Sometimes, in English, she might find several possibilities on the “right-hand side” of the translation process, I mean, there might be several words in her head for “to go”, like “get to” or “drive to” or something similar.

It’s a process that works. She also reads a lot in English which helps to develop her vocabulary. But is it the best process ?

For me, clearly, no. It might be more realistic to expect students to do it this way, but it’s clearly not the best way. The best way is to think directly in the language without translating. That might sound unrealistic but with techniques like bi-directional translation, which I’m going to write about soon, it’s possible. The point is, the two languages are different.

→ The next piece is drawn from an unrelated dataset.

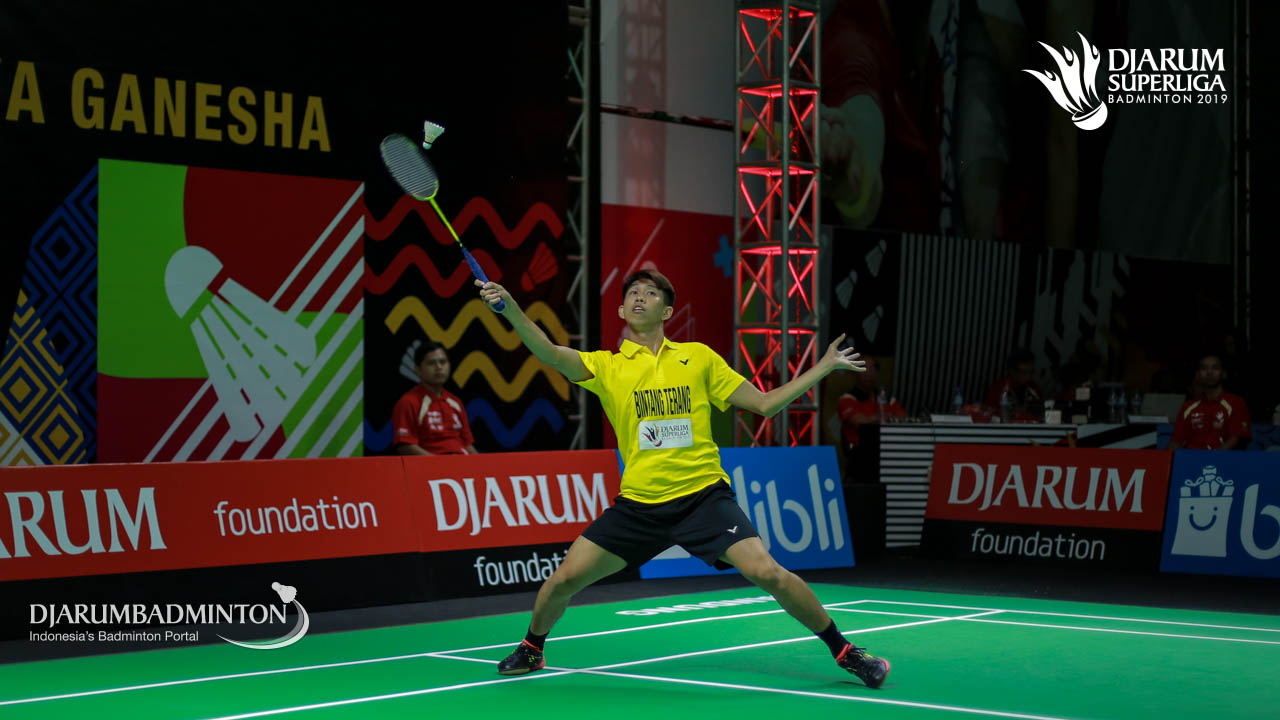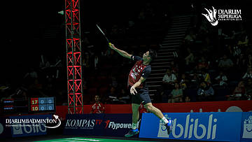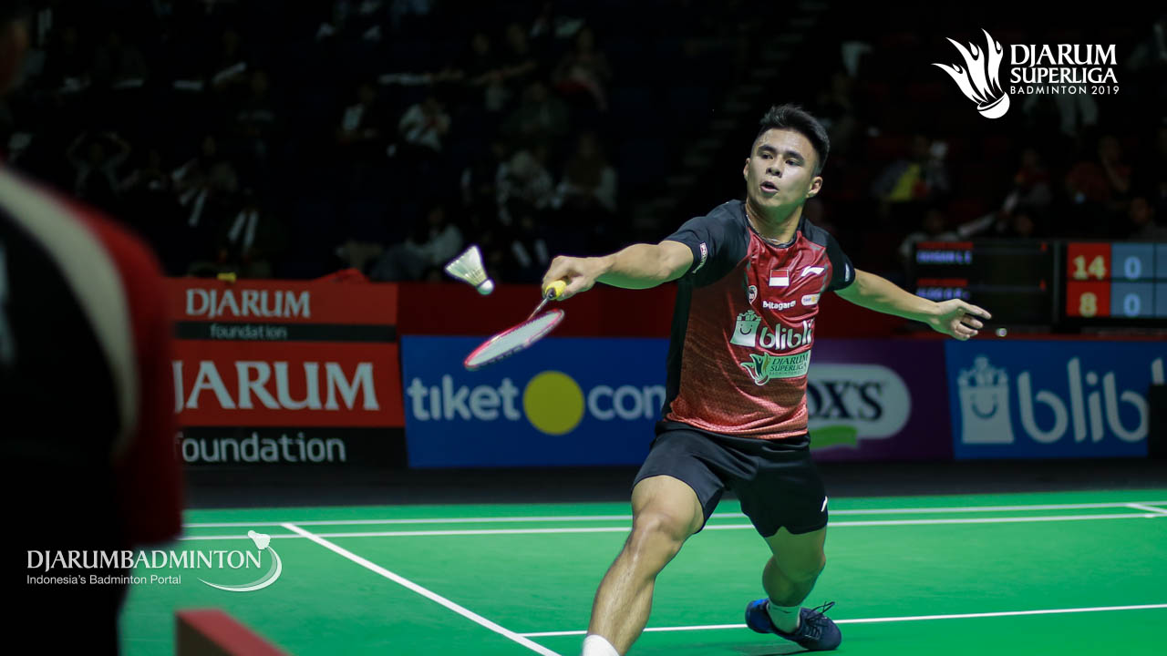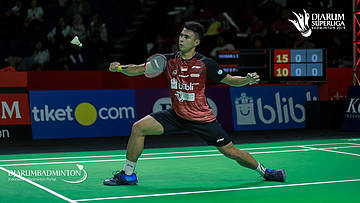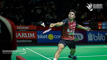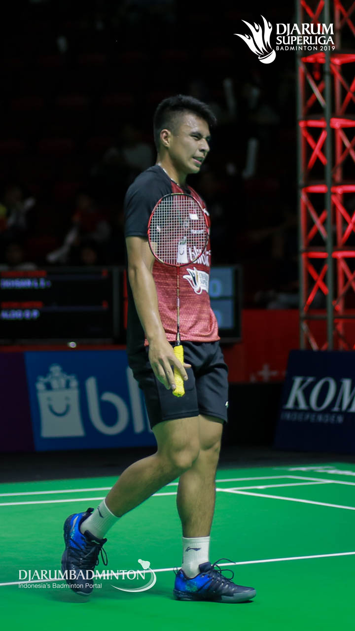 Ikhsan Leonardo Imanuel RUMBAY (DJARUM KUDUS) bersiap menyambut serangan

There are words like “se rendre à” which are difficult to translate because the two languages are different.

Take for example:

L’année prochaine, je vais avoir 35 ans.

Next year, I’m going to be 35.

It’s completely different, there’s no mention of years, and the verb is different. If you’re thinking in English, it’s no problem but if you’re translating using logic you’re stuck.

The best way is to familiarize yourself with the language: often, French people know theoretically that they should say “I will be 35” but they say “I will have 35”.

If you’re learning English as a French person, when you translate from English into French there will be no gaps, you will always find some kind of equivalent that you can understand the meaning, and if you can’t you’ve found a typical English expression.

So, when you’re learning always translate from the langauge you’re learning into your native tongue and not the other way round.

This is the long-term solution. The risk with translating “se rendre à” to “aller” and then “to go” is that you end up simplyfying your language.